提问人:cjg123 提问时间:7/2/2019 最后编辑:cjg123 更新时间:7/2/2019 访问量:271
在每次出现以特定子字符串开头的元素时将列表拆分为子列表
Split list into sublists at every occurrence of element starting with specific substring
问:
我有一个包含一堆字符串的大列表。我需要将原始列表的元素排序到嵌套列表中,由它们在列表中的位置确定。
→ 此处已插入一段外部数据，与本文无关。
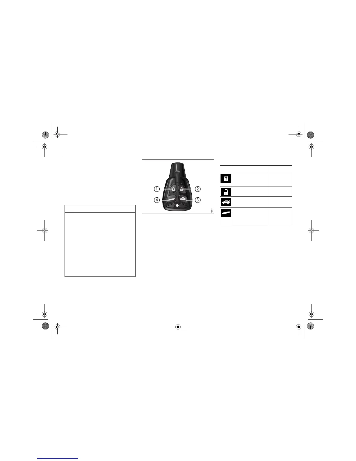 Unlocks all doors, fuel filler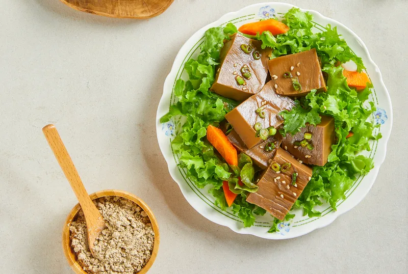 우리 조상들이 물려준 제조 기법을 응용하여 본사가 보유하고 있는 특수 기술로 제조, 개발한 결과 묵의 불쾌취와 자극성을 없앤 명품 춘향골 묵을 개발하여 공급하게 되었습니다. 엄선된 식재료를 주원료로 하여 특수 제조기술로 만든 지리산맑은물춘향골(영)의 고품격 명품 묵입니다.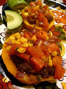 Mash cooked black beans with a fork. Divide evenly, and press into squash shells. Top with diced ingredients and a sprinkling of adobo seasoning.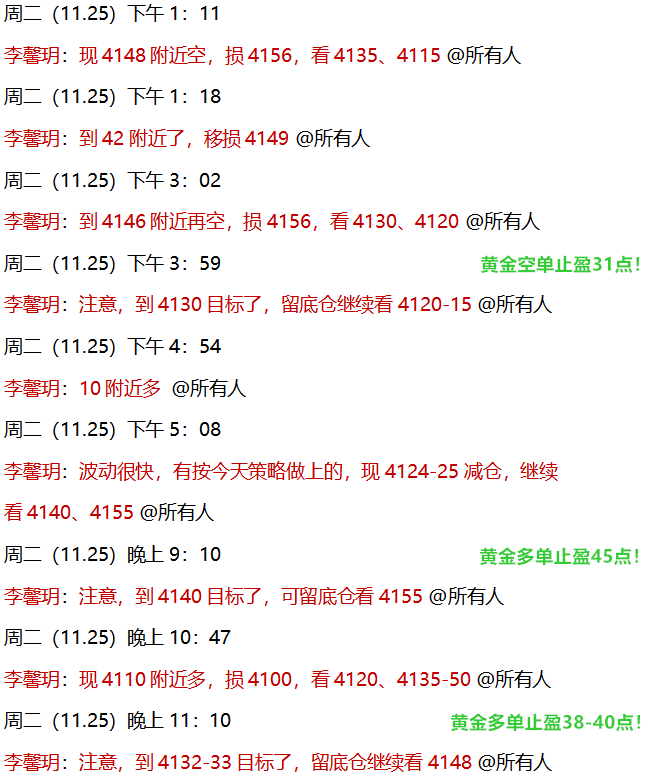 11.25 周二,策略中提示黄金高空低多卡点操作,白盘4150压力回落如期兑现,4110策略做多也是精准回踩低点,瞬间大涨!只要关注的朋友,都能有不错收获!实盘中,午后先公开安排了4148-4146空单,下跌至4120-15止盈离场!而后按公开策略,4110多单也顺利上涨4155止盈目标!午夜二次回踩,又安排了4110-11多单,隔夜在4150目标止盈出局!先空后多再多,拿下116点利润,创造当日最好成绩!策略思路精准兑现,拒绝马后炮!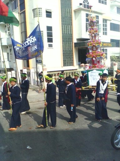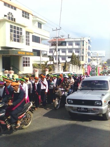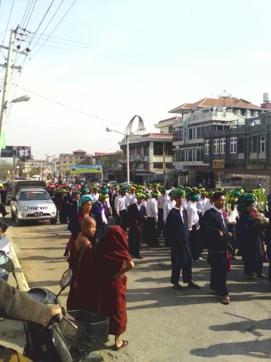 3月15日,缅历直榜月盈日(Full Moon Day of Tabaung),这天早上九点钟左右,我正陪着来自仰光的朋友T君在茶店喝茶,忽然只见大马路上人头涌动,一群又一群的勃奥人从市北郊地区不断地涌进来。我见状不由得大喜过望,招呼T君说:“你真好运气,正好碰上勃奥人的游行队伍,快拍下几张相片留念吧。”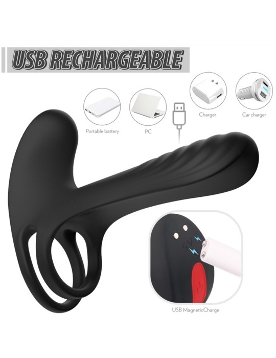 Cet accessoire est conçu pour se placer sur le pénis et donner des sensations encore plus importantes pour les deux partenaires. La partie vibrante mesure 9cm de longueur. Elle possède une épaisseur de 1.5cm. Les anneaux de 30mm se placent à la base du pénis. Avec 9 modes de vibrations

换句话说,我需要将原始列表分解为子列表,其中每个子列表包含介于以“ABC”开头的元素之间的所有元素,然后将它们连接在一起作为嵌套列表。
所以原来的列表是:
all_results = ['ABCAccount', 'def = 0', 'gg = 0', 'kec = 0', 'tend = 1234567890', 'ert = abc', 'sed = target', 'id = sadfefsd3g3g24b24b', 'ABCAccount', 'def = 0', 'gg = 0', 'kec = 0', 'tend = NA', 'ert = abc', 'sed = source', 'id = sadfefsd3g3g24b24b', 'ABCAdditional', 'addkey = weds', 'addvalue = false', 'ert = abc', 'sed = target', 'id = sadfefsd3g3g24b24b', 'time_zone = EDT’]
我需要返回:
split_results = [['ABCAccount','def = 0', 'gg = 0', 'kec = 0', 'tend = 1234567890', 'ert = abc', 'sed = target', 'id = sadfefsd3g3g24b24b'],['ABCAccount', 'def = 0', 'gg = 0', 'kec = 0', 'tend = NA', 'ert = abc', 'sed = source', 'id = sadfefsd3g3g24b24b'],['ABCAdditional', 'addkey = weds', 'addvalue = false', 'ert = abc', 'sed = target', 'id = sadfefsd3g3g24b24b', 'time_zone = EDT’]]
我尝试了以下方法:
split_results = [l.split(',') for l in ','.join(all_results).split('ABC')]
答:
1赞
Scott Hunter
7/2/2019
#1
您可以直接从原始列表中工作:
def make_split( lst ):
if len(lst) == 0:
return []
r0 = []
r1 = []
for s in lst:
if s.startswith("ABC"):
if r1:
r0.append(r1)
r1 = []
r1.append(s)
return r0 + [r1]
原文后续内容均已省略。